=== EXERCISE DETAILS ===
Retype the entries below word for word, leaving out every picture.
━━━━━ DATA PROVIDED
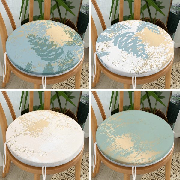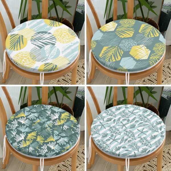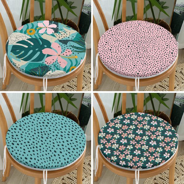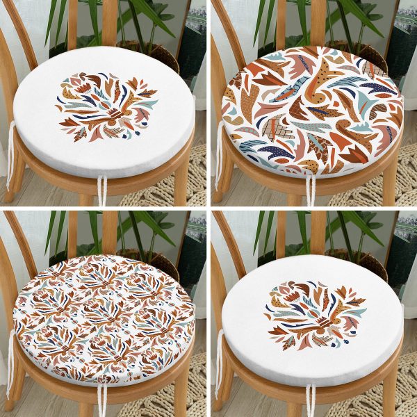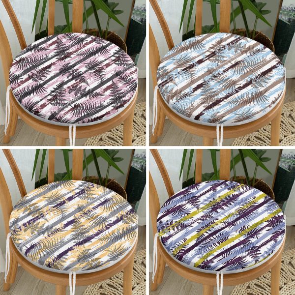 4’lü Renkli Zemin Üzerinde Yaprak Desenli Modern Yuvarlak Fermuarlı Sandalye Minderi Seti
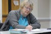 Denise Schweiss writes a letter during the April 8 meeting of the Alamance Letter Writers Society.
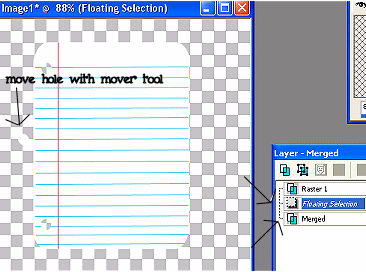 11. with Floating selection still reflected in your layer pallette, choose the merged layer in your layer pallette. click on the scissor which will cut the hole on the merged layer.
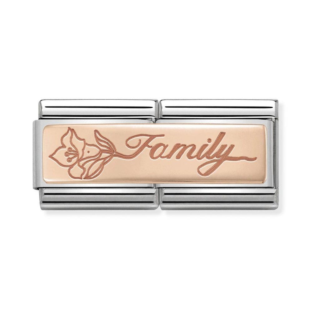 Original Double link for bracelet with plaque in bonded rose gold - FAMILY with Flower. Made in Italy. The double link that shows family means the most. A beautiful gift for Mother's Day.
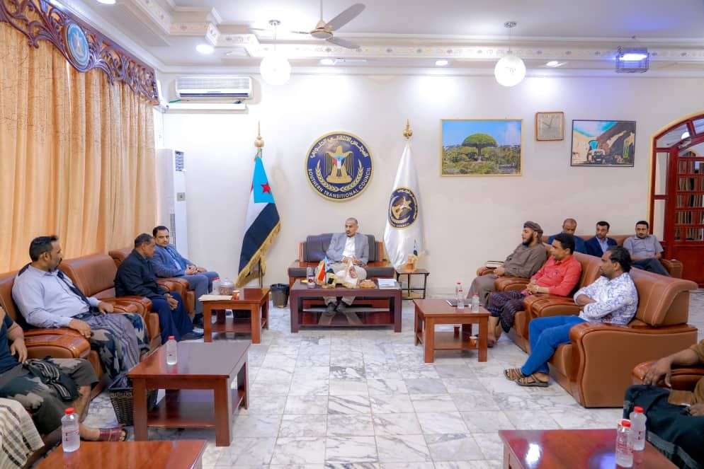 التقى الرئيس القائد عيدروس الزُبيدي رئيس المجلس الانتقالي الجنوبي، اليوم السبت، عددا من أبناء محافظة أرخبيل سقطرى يتقدمهم المهندس رأفت الثقلي رئيس الهيئة التنفيذية للقيادة المحلية للمجلس بالمحافظة.
━━━━━━━━━━
=== WORKED SOLUTION ===
 4’lü Renkli Zemin Üzerinde Yaprak Desenli Modern Yuvarlak Fermuarlı Sandalye Minderi Seti
 Denise Schweiss writes a letter during the April 8 meeting of the Alamance Letter Writers Society.
 11. with Floating selection still reflected in your layer pallette, choose the merged layer in your layer pallette. click on the scissor which will cut the hole on the merged layer.
 Original Double link for bracelet with plaque in bonded rose gold - FAMILY with Flower. Made in Italy. The double link that shows family means the most. A beautiful gift for Mother's Day.
 التقى الرئيس القائد عيدروس الزُبيدي رئيس المجلس الانتقالي الجنوبي، اليوم السبت، عددا من أبناء محافظة أرخبيل سقطرى يتقدمهم المهندس رأفت الثقلي رئيس الهيئة التنفيذية للقيادة المحلية للمجلس بالمحافظة.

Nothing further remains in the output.